- AIM OF THE TASK
The full listing, exactly as written and with no images, is the expected output.

- PROVIDED DATA
[Start of section]
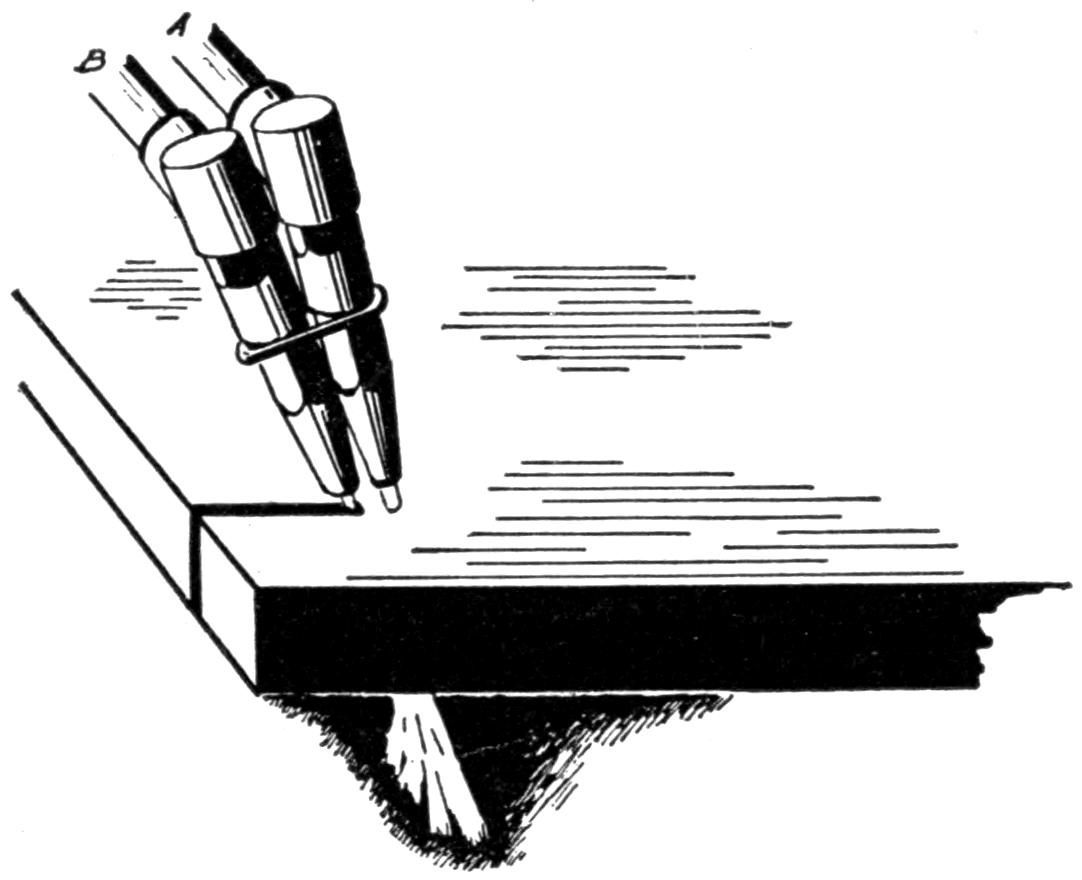 (2) It is singular indeed that a school manual, devoted exclusively to the instruction of the beginner, which will serve as an aid to the instructor as well as to the student, has not yet been put forth. It cannot be said that there is not a demand for such. Recently there seems to have been a mushroom growth of welding classes. The majority of the vocational schools, colleges, night schools, and automobile schools have all entered the instruction in oxy-acetylene welding on their rolls and each is attempting to instruct in an entirely different manner from the other.[vi] There can be no question as to the expediency of affording the educational institutions a systematic as well as a standardized method of instructing. But the books and articles of the nature mentioned are not suited to this purpose, and were not designed for it. A school-book is wanted; something to be used in the classroom, to be employed as a reference in the shop practice, to be studied for what it contains, and to indicate further lines of research, where such are required.
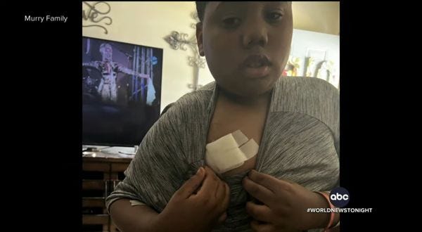 No, it didn’t. CNN reports that after the shooting, Aderrien was given a chest tube and placed on a ventilator. He suffered a collapsed lung, fractured ribs, and a lacerated liver, according to his mother. We remind you that he is 11. The police were supposed to protect him and his family from a violent man, but another violent man with a badge shot him in the chest.
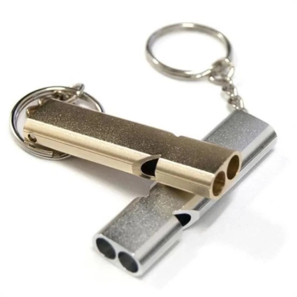 ALÜMİNYUM SOS DÜDÜK ANAHTARLIKÜrün ÖzellikleriYüksek ses gücü ve dayanıklı yapısıyla Alüminyum SOS Düdük Anahtarlık, doğa yürüyüşlerinden kamp aktivitelerine, spor etkinliklerinden acil durumlara kadar her ortamda güvenle kullanılabilir. Kompakt boyutu sayesinde anahtarlık olarak kolayca taşınabilir ve her an ulaşılabilir durumda olur. Paslanmaz çelik ve alüminyum alaşım malzeme yapısı, uzun ömürlü kullanım sunarken suya ve zorlu hava koşullarına karşı da dayanıklıdır.Acil durumlarda 150 desibele kadar ses çıkarabilen bu düdük, yardım çağrısı yapmak için mükemmeldir. Ayrıca evcil hayvan eğitimi, açık hava sporları, kamp, yürüyüş ve dağcılık gibi aktivitelerde de rahatlıkla kullanılabilir. Pürüzsüz yüzeyi ve ergonomik tasarımı sayesinde elde rahat tutuş sağlar ve kolay üfleme imkânı sunar.Hafif tasarımı (10 gram) sayesinde cebinizde, çantanızda veya kemerinizde fark edilmeden taşınabilir. Şık metalik rengiyle hem işlevsel hem de estetik bir görünüme sahiptir.Paket İçeriği1 adet Alüminyum SOS Düdük Anahtarlık
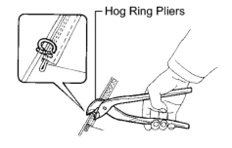 (a) Using hog ring pliers, install the seatback cover to the seatback pad with new hog rings.
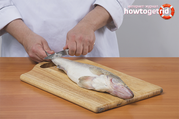 - L'étape suivante consiste à nettoyer le poisson des écailles. Pour ce faire, prenez un grand couteau bien aiguisé. Plus le couteau est gros, plus il est facile à nettoyer. Mettez le poisson sur une planche à découper, saisissez la queue d'une main. Avec la seconde main avec un couteau, débarrassez le poisson des écailles en les faisant glisser de la queue vers la tête, c'est-à-dire contre l'emplacement des écailles.
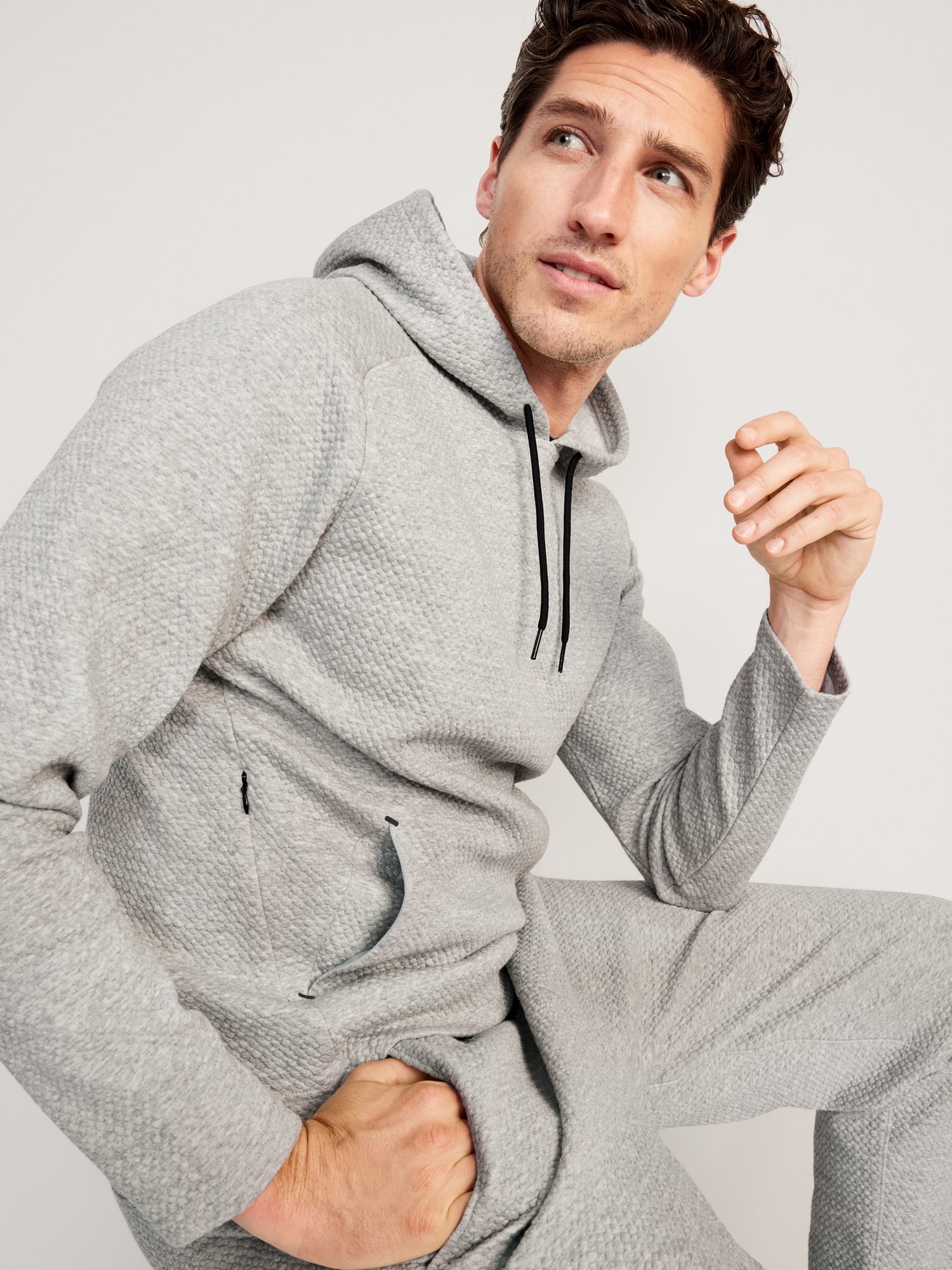 Dynamic Fleece Textured Hoodie: Featuring Dynamic Fleece. Soft, smooth fleece plus made-to-move stretch.crew neck, long sleeves, front pockets, hidden zip stash pocket, four-way stretch, pullover style, #811657
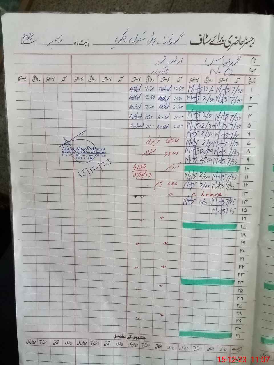 | CNIC | Full Name | Designation | R/C | Absence During Last Calender Month |
[End of section]
- ANSWER TO THIS EXERCISE
 (2) It is singular indeed that a school manual, devoted exclusively to the instruction of the beginner, which will serve as an aid to the instructor as well as to the student, has not yet been put forth. It cannot be said that there is not a demand for such. Recently there seems to have been a mushroom growth of welding classes. The majority of the vocational schools, colleges, night schools, and automobile schools have all entered the instruction in oxy-acetylene welding on their rolls and each is attempting to instruct in an entirely different manner from the other.[vi] There can be no question as to the expediency of affording the educational institutions a systematic as well as a standardized method of instructing. But the books and articles of the nature mentioned are not suited to this purpose, and were not designed for it. A school-book is wanted; something to be used in the classroom, to be employed as a reference in the shop practice, to be studied for what it contains, and to indicate further lines of research, where such are required.
 No, it didn’t. CNN reports that after the shooting, Aderrien was given a chest tube and placed on a ventilator. He suffered a collapsed lung, fractured ribs, and a lacerated liver, according to his mother. We remind you that he is 11. The police were supposed to protect him and his family from a violent man, but another violent man with a badge shot him in the chest.
 ALÜMİNYUM SOS DÜDÜK ANAHTARLIKÜrün ÖzellikleriYüksek ses gücü ve dayanıklı yapısıyla Alüminyum SOS Düdük Anahtarlık, doğa yürüyüşlerinden kamp aktivitelerine, spor etkinliklerinden acil durumlara kadar her ortamda güvenle kullanılabilir. Kompakt boyutu sayesinde anahtarlık olarak kolayca taşınabilir ve her an ulaşılabilir durumda olur. Paslanmaz çelik ve alüminyum alaşım malzeme yapısı, uzun ömürlü kullanım sunarken suya ve zorlu hava koşullarına karşı da dayanıklıdır.Acil durumlarda 150 desibele kadar ses çıkarabilen bu düdük, yardım çağrısı yapmak için mükemmeldir. Ayrıca evcil hayvan eğitimi, açık hava sporları, kamp, yürüyüş ve dağcılık gibi aktivitelerde de rahatlıkla kullanılabilir. Pürüzsüz yüzeyi ve ergonomik tasarımı sayesinde elde rahat tutuş sağlar ve kolay üfleme imkânı sunar.Hafif tasarımı (10 gram) sayesinde cebinizde, çantanızda veya kemerinizde fark edilmeden taşınabilir. Şık metalik rengiyle hem işlevsel hem de estetik bir görünüme sahiptir.Paket İçeriği1 adet Alüminyum SOS Düdük Anahtarlık
 (a) Using hog ring pliers, install the seatback cover to the seatback pad with new hog rings.
 - L'étape suivante consiste à nettoyer le poisson des écailles. Pour ce faire, prenez un grand couteau bien aiguisé. Plus le couteau est gros, plus il est facile à nettoyer. Mettez le poisson sur une planche à découper, saisissez la queue d'une main. Avec la seconde main avec un couteau, débarrassez le poisson des écailles en les faisant glisser de la queue vers la tête, c'est-à-dire contre l'emplacement des écailles.
 Dynamic Fleece Textured Hoodie: Featuring Dynamic Fleece. Soft, smooth fleece plus made-to-move stretch.crew neck, long sleeves, front pockets, hidden zip stash pocket, four-way stretch, pullover style, #811657
 | CNIC | Full Name | Designation | R/C | Absence During Last Calender Month |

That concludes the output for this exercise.